Problem 1: Trump Approval
Trump Approval1.Download new Trump approval data using the url for the 538 website: https://projects.fivethirtyeight.com/trump-approval-data/approval_topline.csv. Be sure to download it from this link directly into R - do not download the .csv then load from your files. Use read_csv() and just paste in the url surrounded by “quotes”!
approval_topline <- read_csv(file = "https://projects.fivethirtyeight.com/trump-approval-data/approval_topline.csv")
##
## ── Column specification ────────────────────────────────────────────────────────
## cols(
## president = col_character(),
## subgroup = col_character(),
## modeldate = col_character(),
## approve_estimate = col_double(),
## approve_hi = col_double(),
## approve_lo = col_double(),
## disapprove_estimate = col_double(),
## disapprove_hi = col_double(),
## disapprove_lo = col_double(),
## timestamp = col_character()
## )
approval_topline <- approval_topline %>%
mutate(modeldate = mdy(modeldate))
Plot the approval (approve_estimate) of the President using data that aggregates all polls (check the subgroup variable). It might also be helpful to add the disapproval estimate to the same plot for extra context.
approval_topline %>%
filter(subgroup == "All polls") %>%
ggplot() +
geom_line(aes(x = modeldate, y = approve_estimate), color = 'green') +
geom_line(aes(x = modeldate, y = disapprove_estimate), color = 'red') +
ggtitle('Average Trump Approval Rating (%)') +
theme(plot.title = element_text(size = 13, face = 'bold', hjust = 0.5),
axis.text.y = element_text(size = 12, face = 'bold'),
axis.text.x = element_text(size = 12, face = 'bold'),
axis.title.y = element_blank(),
axis.title.x = element_blank(),
panel.grid.minor = element_blank()) +
scale_x_date(date_breaks = "4 month", date_labels = "%b") +
annotate("text", x = as.Date('2021-01-01'),
label = 'Disapproval', y = 50, size = 3, fontface = 'bold') +
annotate("text", x = as.Date('2021-01-01'),
label = 'Approval', y = 37, size = 3, fontface = 'bold')

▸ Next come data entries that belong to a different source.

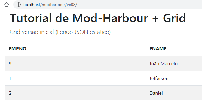 O objetivo dessa etapa é criar um grid usando AJAX e com paginação.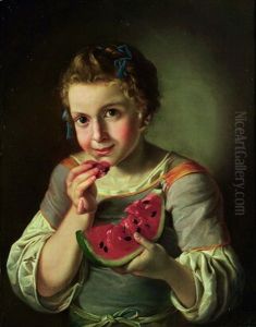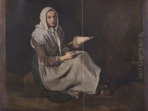 A Young Woman Seated With Her Baby And A Small Child, A Young Girl Holding Two Doves Beyond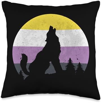 Nonbinary Pride Month Wolf Non Binary Equality Wolf Throw Pillow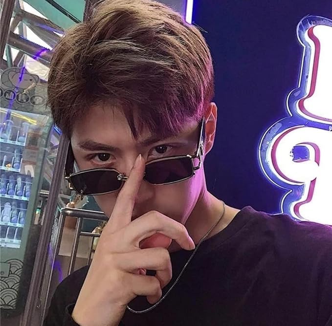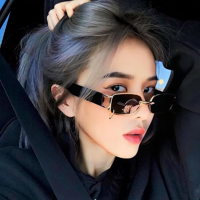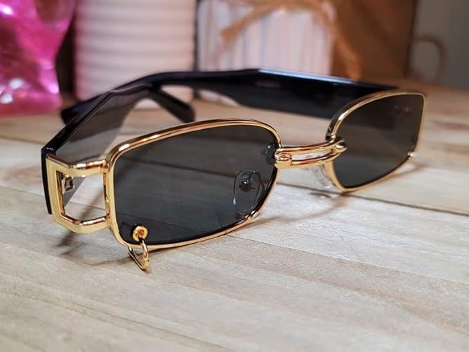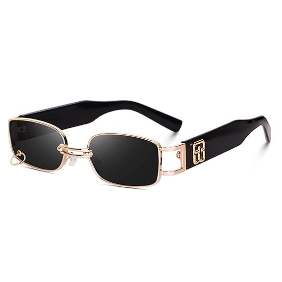 Generic - Vintage Retro Rectangle Sunglasses Metal Frame UV Protection for Men Women Gold Black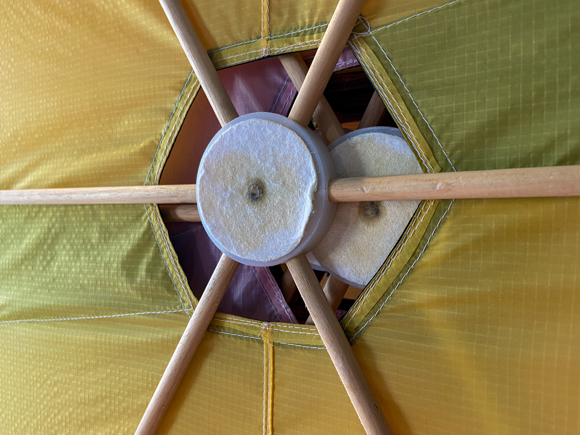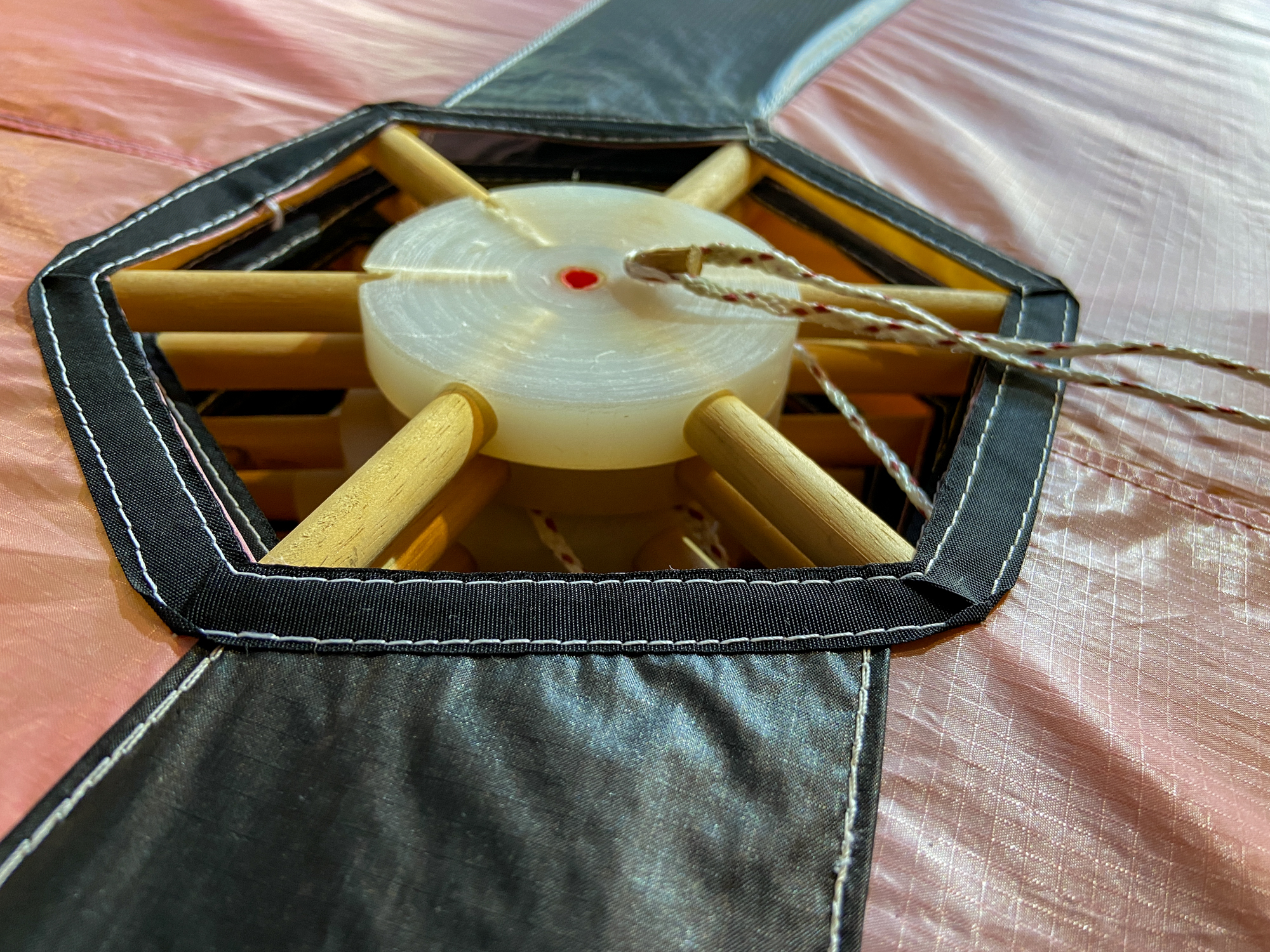 When preparing the lower stack for taking to the field to insert the missing sail I had noticed a twisted flying line and wondered how it would resolve. It did resolve without issue but a couple of the sails had been flipped and needed re-setting. Quite a few of the central fixing points had twists in the lines.
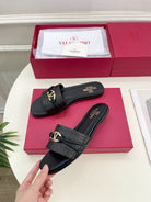 GARAVANI V LOGO SIGNATURE SLIDE IN BLACK RAFFIA AND CALFSKIN

Next, pick a period where approval ratings are out of the ordinary, or display some sort of unusual trend. Explain this trend using the events of that time period. For example, approval rating in January of 2019 was lower than normal due to the government shutdown. Answer: The approval ratings fell drastically in December, as there was an investigation in the the accusation of Russian interference in the 2016 election and reports of sexual misconduct. There was also major disapproval for the tax reform that Trump signed this month that lowered the corporate tax rate and dropped the individual tax rate for the richest people in America and put an expiration date on how long it would help the lower and middle class families and individuals that it did moderately help.
approval_topline %>%
filter(subgroup == "All polls", modeldate >= as.Date("2017-12-01"), modeldate <= as.Date("2018-01-01")) %>%
ggplot() +
geom_line(aes(x = modeldate, y = approve_estimate), color = 'green') +
geom_line(aes(x = modeldate, y = disapprove_estimate), color = 'red') +
ggtitle('Average Trump Approval Rating December 2017 (%)') +
theme(plot.title = element_text(size = 13, face = 'bold', hjust = 0.5),
axis.text.y = element_text(size = 12, face = 'bold'),
axis.text.x = element_text(size = 12, face = 'bold'),
axis.title.y = element_blank(),
axis.title.x = element_blank(),
panel.grid.minor = element_blank()) +
annotate("text", x = as.Date('2017-12-20'),
label = 'Disapproval', y = 55, size = 3, fontface = 'bold') +
annotate("text", x = as.Date('2017-12-20'),
label = 'Approval', y = 35, size = 3, fontface = 'bold')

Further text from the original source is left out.